Die Silvesternacht von Köln war bei allem nur die dünne Kante des Keils, der gerade Deutschland spaltet. Die Flüchtlinge – mit all ihren nach Deutschland importierten Problemen – nehmen dabei die analoge Rolle des traumatisierten und frisch adoptierten Stiefkindes ein, welches die Beziehung der schon lange zerstrittenen Stiefeltern endgültig spaltet. Das Kind (Flüchtlinge) bräuchte den überlebenswichtigen Schutz und psychologische Hilfe. Und die Eltern (Gesellschaft) bräuchten ebenfalls psychologische Hilfe in Form von Eheberatung und Einzelberatung. Derweil schreiben die Gesetzbücher aber vor, dass die Eltern das Kind aufnehmen müssen. Und die wichtigste Korrektur dieser Analogie ist, dass das Kind ein Erwachsener ist, der sich mit seiner vorherigen Familie (Mitbürgern) zerstritten hat.
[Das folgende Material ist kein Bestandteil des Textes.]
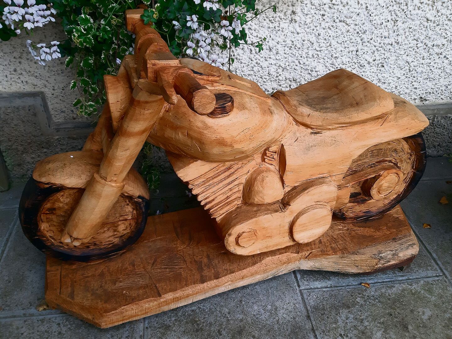 Bevor sich Reto Gertsch an die Ausführung eines Auftrages macht, besucht er die Kundinnen und Kunden. «Beim persönlichen Kontakt erfasse ich die Situation und spüre, was passen könnte. Das ist sehr wichtig für mich. Denn, ob das Objekt später bei einem Ferienhaus im Jura steht oder doch bei einem Reihenhaus in der Stadt Biel, macht einen grossen Unterschied», weiss Gertsch. Für ihn sind die besten Aufträge diejenigen, bei denen er zunächst denkt: «Das ist unmöglich, da werde ich scheitern.» Er zweifelt manchmal an seinen Fähigkeiten und sagt: «Ich weiss, dass ich mit den Vollprofis nicht mithalten kann.» Der Handwerker sagt von sich selbst, dass er meist ohne Konzept und eher chaotisch ans Werk gehe. «Komischerweise kommt es immer so, wie ich es mir vorher vorgestellt habe.» Bei technischen Objekten, wie etwa der Harley, zeichne er sich lediglich Hilfslinien an. Dieser Auftrag zu einem runden Geburtstag sei eine Challenge gewesen, gesteht er und lacht dabei verschämt. Mit dem Ergebnis ist er aber zufrieden und auch der neue Besitzer ist es vollends, weiss die Schreibende. War denn diese Harley der bislang schwierigste Auftrag? Nein, erklärt Reto Gertsch. Das Schwierigste sei eine Dampflokomotive im Massstab 1:20 gewesen. «Die war am Schluss super!», erinnert er sich und strahlt dabei übers ganze Gesicht. Auf die Frage, ob ihn die Ergebnisse stolz machen würden, sagt Gertsch: «Ich empfinde Genugtuung, Stolz eher nicht. Was die Nordamerikaner mit ihren Sägen ins Holz zaubern, ist Kunst. So was herzustellen, würde mich stolz machen.»

Kann das aufgenommene Kind bzw. der Erwachsene unter diesen Umständen in Deutschland glücklich werden? Jedenfalls können die Eltern nicht gezwungen werden, das Kind zu adoptieren. Ein Zwang würde das unbedingte Recht auf Selbstbestimmung jedes Elternteils und deren Würde eklatant verletzen. Dabei können Kinder, die im Spannungsfeld zerstrittener Eltern leben, bewiesenermaßen recht formidabel leben. Die Eltern bleiben zerstritten – oder trennen sich. Für den Staat bedeutet das eine Erosion der untersten staatstragenden Säule der Bürger.
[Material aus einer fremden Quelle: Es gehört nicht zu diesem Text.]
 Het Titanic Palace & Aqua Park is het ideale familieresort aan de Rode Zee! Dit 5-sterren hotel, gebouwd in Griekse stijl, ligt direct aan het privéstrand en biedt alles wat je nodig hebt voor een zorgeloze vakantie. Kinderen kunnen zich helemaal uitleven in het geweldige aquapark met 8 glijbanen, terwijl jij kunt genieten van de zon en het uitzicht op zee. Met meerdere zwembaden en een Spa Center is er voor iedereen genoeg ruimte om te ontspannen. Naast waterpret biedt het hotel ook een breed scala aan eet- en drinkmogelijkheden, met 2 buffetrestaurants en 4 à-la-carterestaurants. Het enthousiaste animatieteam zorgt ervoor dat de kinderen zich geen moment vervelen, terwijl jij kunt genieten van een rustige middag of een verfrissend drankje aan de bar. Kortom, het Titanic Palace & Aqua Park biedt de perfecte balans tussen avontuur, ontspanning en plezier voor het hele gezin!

An dieser Stelle wird offenbar, dass vor allem die Legislative gefordert ist, schleunigst neue Gesetze für ihre Bürgerinnen und Bürger zu formulieren, die zum Wohle aller am Staat Beteiligten zur Geltung kommen. Die Judikative schließlich muss sicherstellen, dass geltendes Recht auch gilt. Dazu gehört Artikel 16a GG, der regelt, dass politisch Verfolgte kein Asylrecht genießen, sofern sie aus einem Mitgliedstaat der EU oder aus einem anderen Drittstaat einreisen, in dem die Anwendung des Abkommens über die Rechtsstellung der Flüchtlinge und der Konvention zum Schutze der Menschenrechte und Grundfreiheiten sichergestellt ist. Und dazu wiederum gehört explizit auch die Türkei.
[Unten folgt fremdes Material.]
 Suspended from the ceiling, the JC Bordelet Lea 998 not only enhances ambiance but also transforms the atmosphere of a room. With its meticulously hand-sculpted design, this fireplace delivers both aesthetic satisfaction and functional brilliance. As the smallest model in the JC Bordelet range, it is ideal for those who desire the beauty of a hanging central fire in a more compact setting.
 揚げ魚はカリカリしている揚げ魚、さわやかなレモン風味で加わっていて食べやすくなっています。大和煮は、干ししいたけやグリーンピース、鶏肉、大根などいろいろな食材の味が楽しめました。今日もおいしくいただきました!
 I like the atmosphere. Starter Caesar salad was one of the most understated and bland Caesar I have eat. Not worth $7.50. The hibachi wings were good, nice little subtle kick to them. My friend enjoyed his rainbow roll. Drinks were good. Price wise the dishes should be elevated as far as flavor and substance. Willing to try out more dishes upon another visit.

Will der Staat Bundesrepublik Deutschland überleben, sind alle am Staat Beteiligten gefordert, nicht nur die Männer als die klassischen Erhalter des Staates. Explizit sei nochmal die Gruppe der Frauen erwähnt. Frauen, die klassischen Erhalter der Familie. Will der Staat überleben, müssen sie sich generell stärker emanzipieren und folglich im Staat mehr Verantwortung übernehmen. Last but not at least, aufgrund innenpolitischer Probleme besteht die Gefahr, dass das jüngste Staatsziel aus dem Fokus gerät: Die Umweltstaatlichkeit in Art 20a GG. Ja, es gibt noch andere Aufgaben zum Staatserhalt unseres Gustos. Während Deutschland über Flüchtlinge streitet, wird zum Beispiel die neue Zulassung für das bedenklich giftige Pestizid Glyphosat durchgewunken.

analogo.de meint: Bei allem Streit ist am Wichtigsten: Die Würde des Menschen darf nicht in Frage gestellt werden, sonst kann man nicht streiten. Dabei müssen sich Gegendemonstranten die Frage gefallen lassen, ob sie die Würde von Flüchtlingen über die Würde von ihren eigenen Mitbürgern stellen.

Ohne Streit muss jeder demokratische Staat zugrunde gehen.